So we know what the authors are against; what are they for? The authors' thesis is that suburban sprawl is cheap only because it is massively subsidized -- often, and ironically, by the very people who are forced by economics to remain behind in the cities (they can't afford cars). Further, that the way out of urban-suburban traffic jams is TND, or traditional neighborhood development. The authors point out pithily that you just can't build enough roads to handle all of the demand for travel. Indeed, that building more roads, and widening existing roads, causes even more congestion, rather than relieving it. This is something the planners in my old hometown of suburban DC are still debating in the case the much-delayed and ill-conceived Inter-County Connecter. Not only that, you can't tax the property you've paved, so the tax base is reduced. And wider, straighter roads encourage speeding and speed-related traffic injury and death, while making pedestrian traffic an unattractive, if not a dangerous occupation.
The suburbs, it seems, are built for cars, not for people. How else do you explain the little-used sidewalks, when there are any, going nowhere anyone wants to walk? How else do you explain the developments built right next to enormous shopping malls -- yet built without any footpath from one to the other. How else do you explain the huge feeder roads funneling traffic into limited lanes that, when they get jammed by accident or traffic, stop all movement? How else do you explain the limited or non-existent public transportation (bus, train, shuttle) in the suburbs? It's as if the price of admission to the suburbs is a car!
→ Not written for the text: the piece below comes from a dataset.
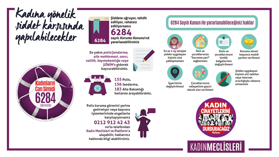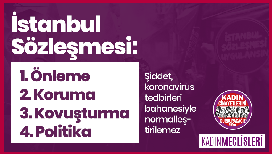 Koronavirüs salgını nedeniyle yaşanan karantina sürecinde, Kadın Cinayetlerini Durduracağız Platformu ve Kadın Meclisleri, ‘Korona Günlerinde Kadınlar İçin Şiddetten Korunma Kılavuzu’ yayınladı.

Far from ending with a laundry list of problems, the authors have some tested solutions. Their solutions, explained and illustrated in the book (favorably mentioning some of my favorite places, such as Georgetown and Old Town Alexandria -- designs that would be illegal these days), include, in no particular order...
grid layout for neighborhood streets to lessen dependence on overused feeder roads (and autos, generally)
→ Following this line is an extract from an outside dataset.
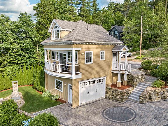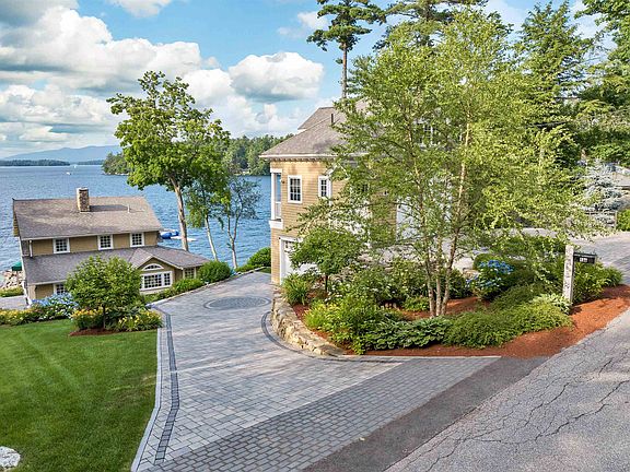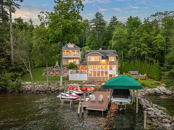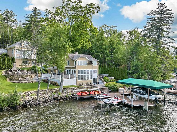 Experience the epitome of lakefront living with this stunning 4+ bedroom waterfront home on Lake Winnipesaukee with the most spectacular lake/ mountain views as well as gorgeous sunsets. The main house features a gourmet kitchen equipped with high end appliances, elegant granite countertops, a wet bar and built-n bench seat. Enjoy meals in the separate dining area or out on the large deck. Relax in the living room with stone fireplace & breathtaking panoramic views of the Big Lake. The upper level includes a luxurious primary bedroom suite with bathroom and walk-in closet, two additional bedrooms, & 3/4 bath. The finished lower level offers walk-out access to the water, plus an additional bathroom, laundry area, & ample storage space. The carriage house offers a private space with kitchenette and sleeping space for 8+ guests, two bathrooms, a media room & also boasts views of the water. Step outside to your many private patios & picturesque surroundings complete with incredible custom landscaping, granite steps & stonewalls. Walk along stone pathways, past your gardens leading to an outdoor fireplace and private hot tub area. The waterfront features deep water docking, a covered boat lift, steps leading into the crystal clear swimming area, & a protective breakwater. Your family and friends will love staying at this lovely waterfront paradise. This premier Gilford location is close to restaurants, shopping, a world class concert facility, & so much more.

mixed-income residential development to create a diverse community (horrors!)
balanced mix of residences, businesses, shopping, recreation, and public buildings so everything is within walking distance (and so older people and children are not stranded, as they are in the suburbs, since they don't drive)
narrow two-way streets, with parallel parking, to calm traffic and make sidewalks attractive to pedestrians
avoidance of cul de sacs and winding streets, avoidance of wide street turning radiuses (which encourage speeding and endanger pedestrians)
higher density development to maximize the usefulness of public transit and minimize dependence on autos (and dry, dignified places to wait for transit)
accommodation of site topography and encouragement of unconventional intersections (which calm traffic)
civic squares, plazas, a general store (subsidized, if necessary), a school or schools, a post office
residences facing the street, with short, inviting setbacks and parking accessed by alleys in the rear (no garages facing the street)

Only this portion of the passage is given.